# salamander conversion ideas



## ryan355 (Jan 5, 2010)

hi there

i was wondering does anyone have any good ideas on how to convert my marines to make them look more salamandery such as the lizardmen parts or other ideas you may have and if you have any pics of converted salamanders then i would be gratefull if you would be so kind and post them in.

cheers


----------



## fuzzawakka (Nov 16, 2008)

I have used the following website to convert all my salamanders. They look super kool and if you email him he has some awesome salamander backpacks too. For the sergeants he has these salamander cloaks that look awesome as well they arent posted on the website you just have to email him and he will hook you up. But the thunder hammer and storm shield look amazing. I also reaaaally like the power fist and shoulder pad.

http://chapterhousestudios.com/webshop/component/virtuemart/?page=shop.browse&category_id=7


----------



## Son Of Khaine (Feb 17, 2010)

I would use some of the Dragon cloaks from the Dark Elves in Fantasy,also keep to Flamers and Melta guns,as they'll fit better then other weapons.
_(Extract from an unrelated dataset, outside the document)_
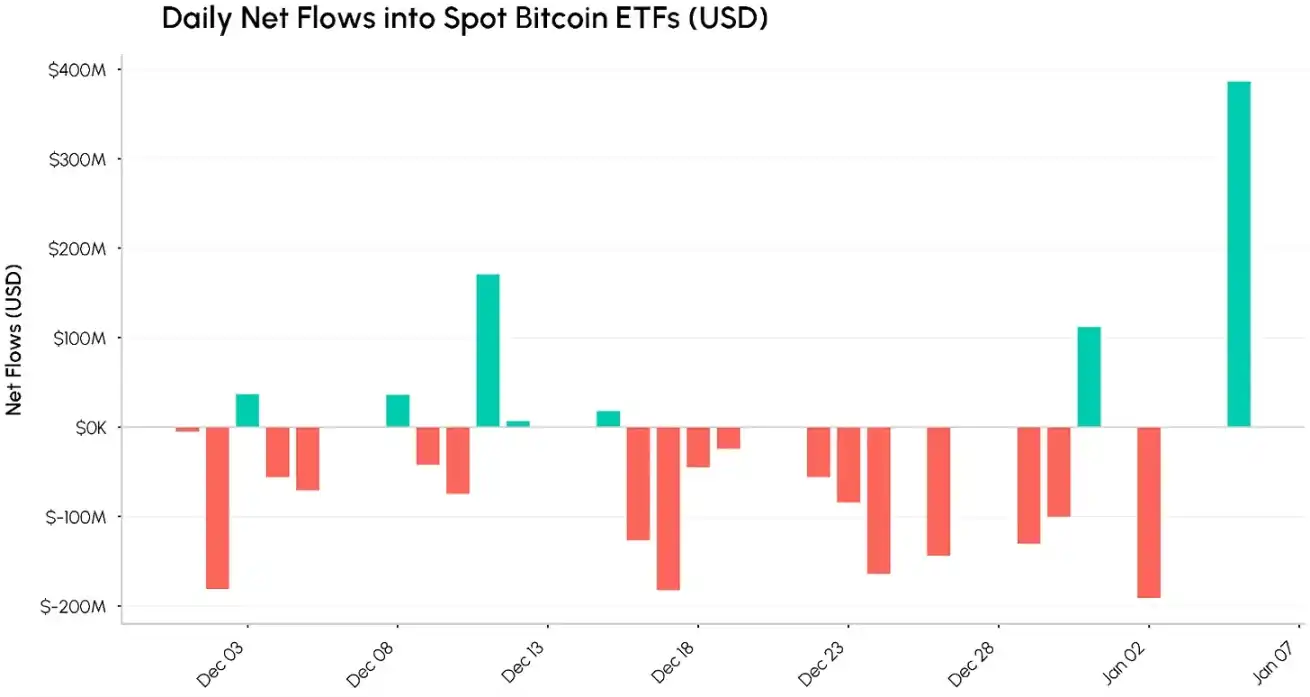 · The spot bitcoin ETF reversed the outflow trend at the end of the year on January 5, with a net inflow of approximately $400 million; whale selling activity has somewhat subsided, while retail investors are actively accumulating positions.

Maybe some Flames patterns on the pads and greaves?


----------



## countchocula86 (Sep 1, 2008)

Also hammers. And good armor, maybe a lot more MK8


----------



## Lord Reevan (May 1, 2008)

If you by the shield set from lizardmen, the odd head too, you'd be able to make up a few very effective conversions, use the shields on random pieces like greave extensions etc, and then convert the heads to be a helmet


----------



## shaantitus (Aug 3, 2009)

Look up Varakir's fire and hammers thread.(Project logs I think) There is some fine work there.


----------